**Exercise directions:**
Drop the pictures; give again exactly the lines from the one holding "Aquele que tem" through the end of the data.
----- Given information
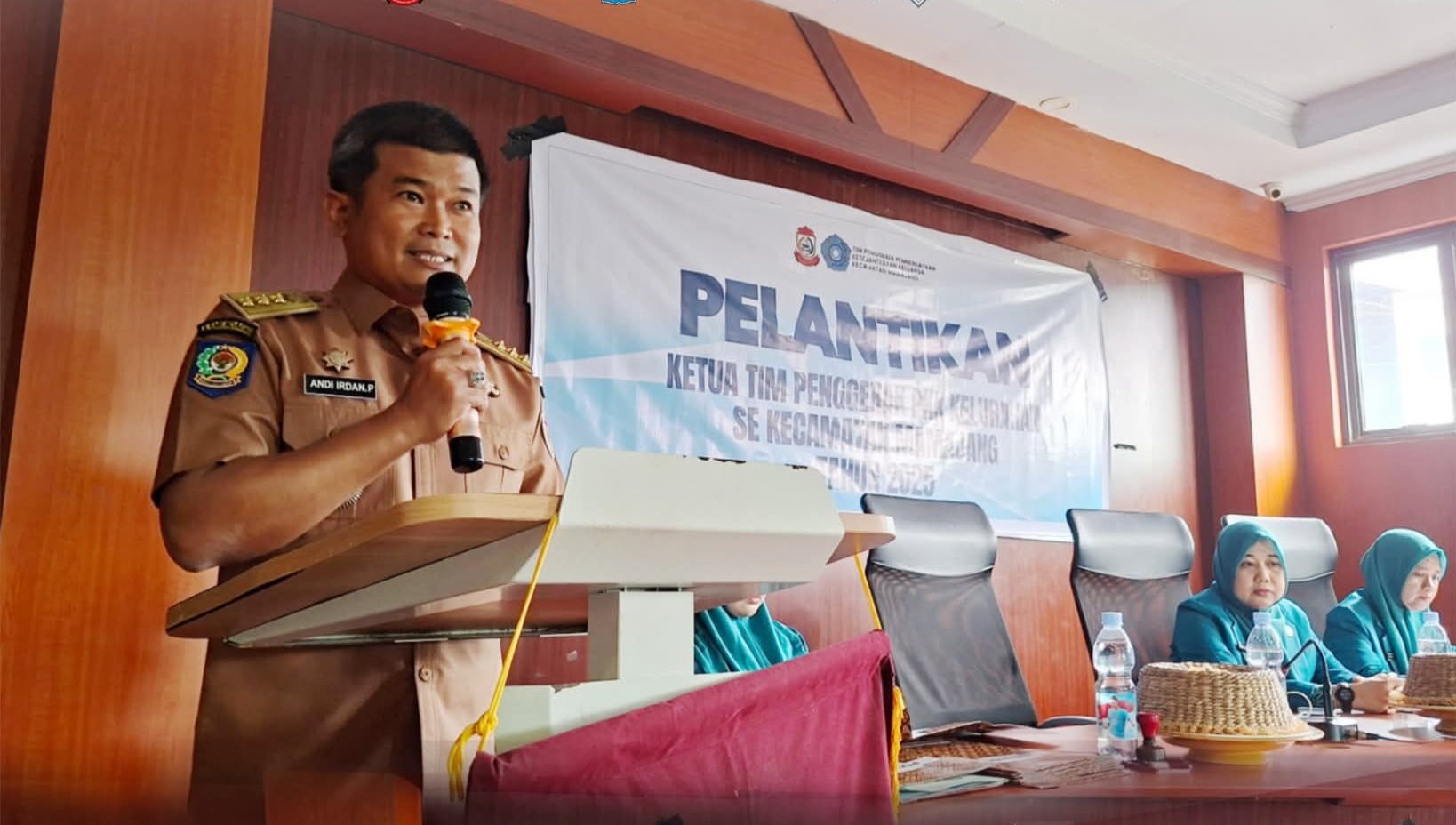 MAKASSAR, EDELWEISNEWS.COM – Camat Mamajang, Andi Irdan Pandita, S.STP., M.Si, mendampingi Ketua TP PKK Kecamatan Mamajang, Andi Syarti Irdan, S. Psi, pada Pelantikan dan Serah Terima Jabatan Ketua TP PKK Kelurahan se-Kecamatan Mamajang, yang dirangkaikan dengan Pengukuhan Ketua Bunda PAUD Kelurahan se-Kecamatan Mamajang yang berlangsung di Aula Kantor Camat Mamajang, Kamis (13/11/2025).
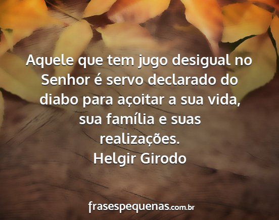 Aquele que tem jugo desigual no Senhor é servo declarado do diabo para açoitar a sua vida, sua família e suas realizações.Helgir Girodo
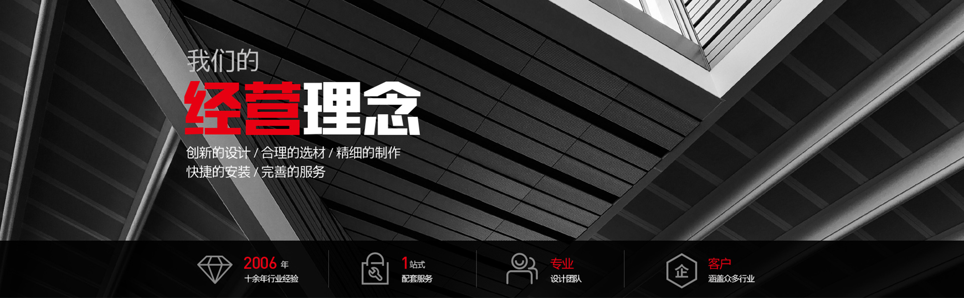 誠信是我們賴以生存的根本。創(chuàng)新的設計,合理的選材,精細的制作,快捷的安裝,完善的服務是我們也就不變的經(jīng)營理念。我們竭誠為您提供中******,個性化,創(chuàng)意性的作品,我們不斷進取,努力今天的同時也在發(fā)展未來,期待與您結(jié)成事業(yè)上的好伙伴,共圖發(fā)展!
----------
**Response area:**
 Aquele que tem jugo desigual no Senhor é servo declarado do diabo para açoitar a sua vida, sua família e suas realizações.Helgir Girodo
 誠信是我們賴以生存的根本。創(chuàng)新的設計,合理的選材,精細的制作,快捷的安裝,完善的服務是我們也就不變的經(jīng)營理念。我們竭誠為您提供中******,個性化,創(chuàng)意性的作品,我們不斷進取,努力今天的同時也在發(fā)展未來,期待與您結(jié)成事業(yè)上的好伙伴,共圖發(fā)展!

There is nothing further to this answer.